(Records from a collection)
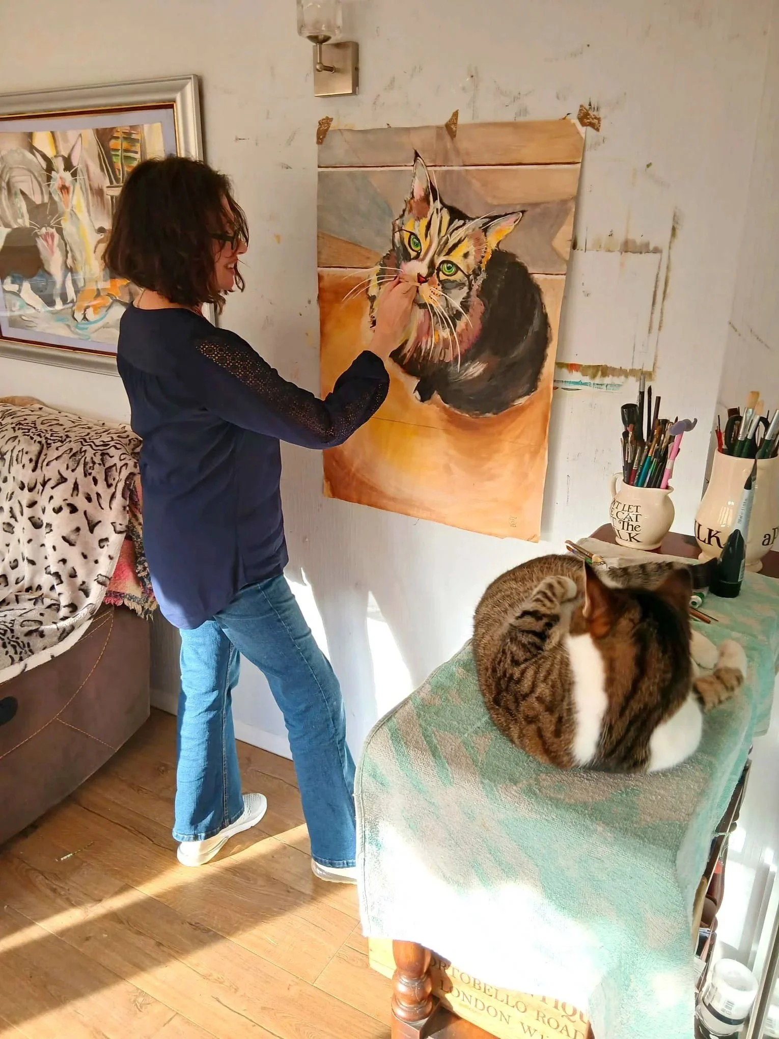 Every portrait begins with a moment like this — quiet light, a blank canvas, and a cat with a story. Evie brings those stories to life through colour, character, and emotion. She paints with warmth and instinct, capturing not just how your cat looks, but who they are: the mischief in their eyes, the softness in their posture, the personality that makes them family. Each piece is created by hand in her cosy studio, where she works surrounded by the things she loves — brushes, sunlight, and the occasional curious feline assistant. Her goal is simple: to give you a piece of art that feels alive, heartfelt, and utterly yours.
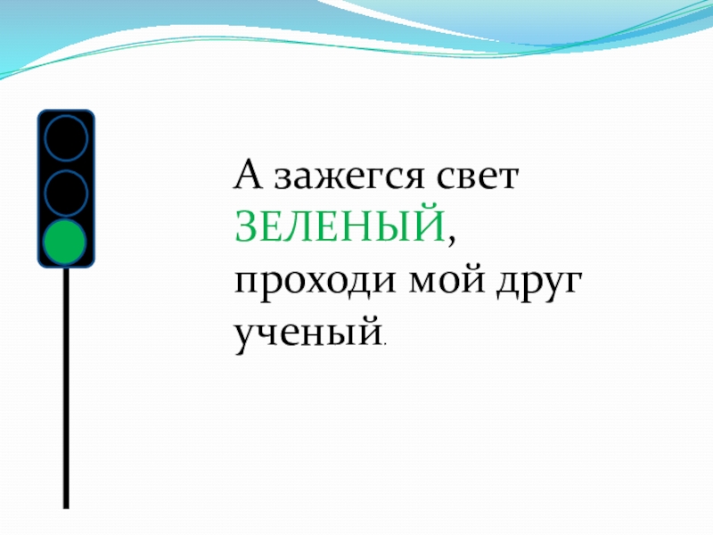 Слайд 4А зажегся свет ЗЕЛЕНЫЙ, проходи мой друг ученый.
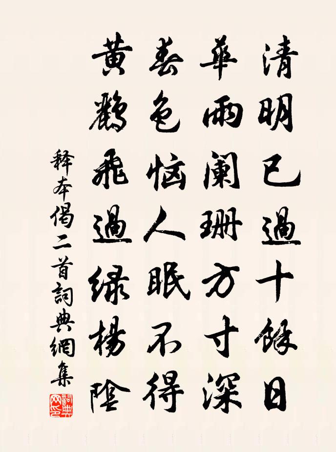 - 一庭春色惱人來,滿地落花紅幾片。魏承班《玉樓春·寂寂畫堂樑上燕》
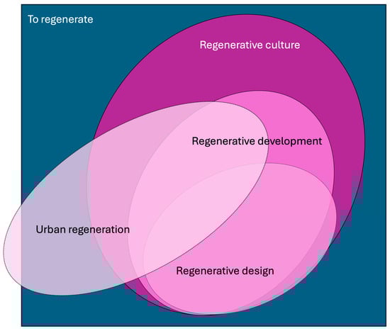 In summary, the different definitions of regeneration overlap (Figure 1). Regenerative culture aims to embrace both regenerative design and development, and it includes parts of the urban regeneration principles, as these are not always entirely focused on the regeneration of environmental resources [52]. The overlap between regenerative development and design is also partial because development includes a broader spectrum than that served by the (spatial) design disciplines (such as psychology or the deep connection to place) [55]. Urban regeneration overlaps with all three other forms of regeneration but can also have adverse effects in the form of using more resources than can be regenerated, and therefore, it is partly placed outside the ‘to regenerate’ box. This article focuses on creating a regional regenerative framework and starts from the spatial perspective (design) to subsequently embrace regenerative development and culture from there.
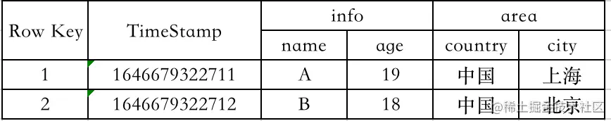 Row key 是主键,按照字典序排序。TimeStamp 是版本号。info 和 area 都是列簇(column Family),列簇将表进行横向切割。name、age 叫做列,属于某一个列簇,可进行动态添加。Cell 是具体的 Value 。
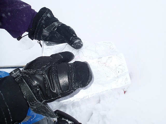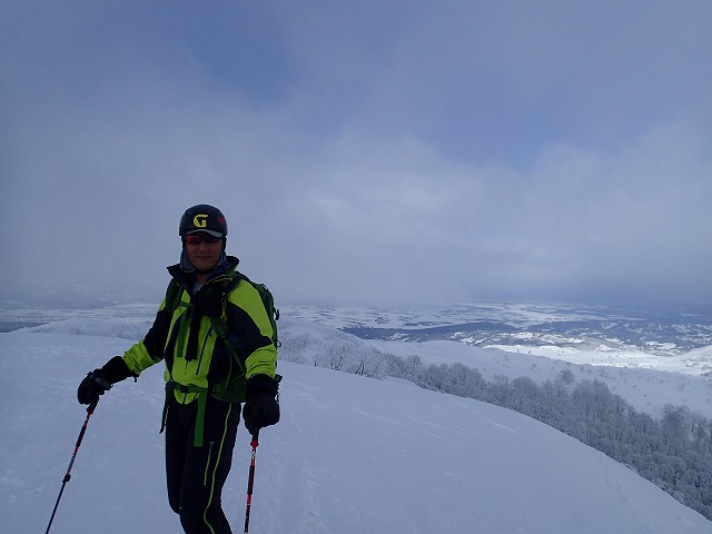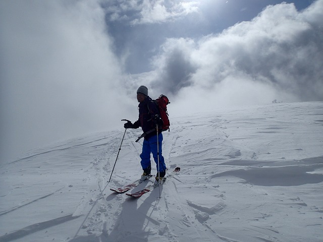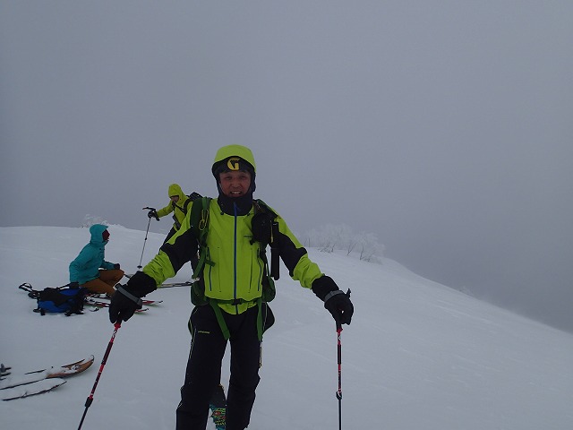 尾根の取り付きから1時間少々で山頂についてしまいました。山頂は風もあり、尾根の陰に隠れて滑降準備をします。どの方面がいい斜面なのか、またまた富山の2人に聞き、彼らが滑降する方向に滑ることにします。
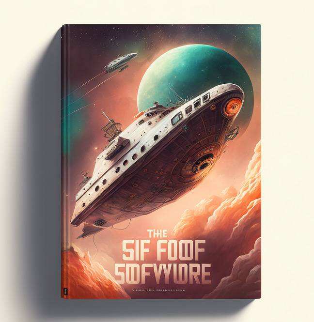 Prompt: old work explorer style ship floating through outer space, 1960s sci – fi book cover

| Exercise directions |
Every line from the one with "Слайд 4А зажегся" through the last line of the data must be copied exactly. Leave the pictures out.

| Answer section |
 Слайд 4А зажегся свет ЗЕЛЕНЫЙ, проходи мой друг ученый.
 - 一庭春色惱人來,滿地落花紅幾片。魏承班《玉樓春·寂寂畫堂樑上燕》
 In summary, the different definitions of regeneration overlap (Figure 1). Regenerative culture aims to embrace both regenerative design and development, and it includes parts of the urban regeneration principles, as these are not always entirely focused on the regeneration of environmental resources [52]. The overlap between regenerative development and design is also partial because development includes a broader spectrum than that served by the (spatial) design disciplines (such as psychology or the deep connection to place) [55]. Urban regeneration overlaps with all three other forms of regeneration but can also have adverse effects in the form of using more resources than can be regenerated, and therefore, it is partly placed outside the ‘to regenerate’ box. This article focuses on creating a regional regenerative framework and starts from the spatial perspective (design) to subsequently embrace regenerative development and culture from there.
 Row key 是主键,按照字典序排序。TimeStamp 是版本号。info 和 area 都是列簇(column Family),列簇将表进行横向切割。name、age 叫做列,属于某一个列簇,可进行动态添加。Cell 是具体的 Value 。
 尾根の取り付きから1時間少々で山頂についてしまいました。山頂は風もあり、尾根の陰に隠れて滑降準備をします。どの方面がいい斜面なのか、またまた富山の2人に聞き、彼らが滑降する方向に滑ることにします。
 Prompt: old work explorer style ship floating through outer space, 1960s sci – fi book cover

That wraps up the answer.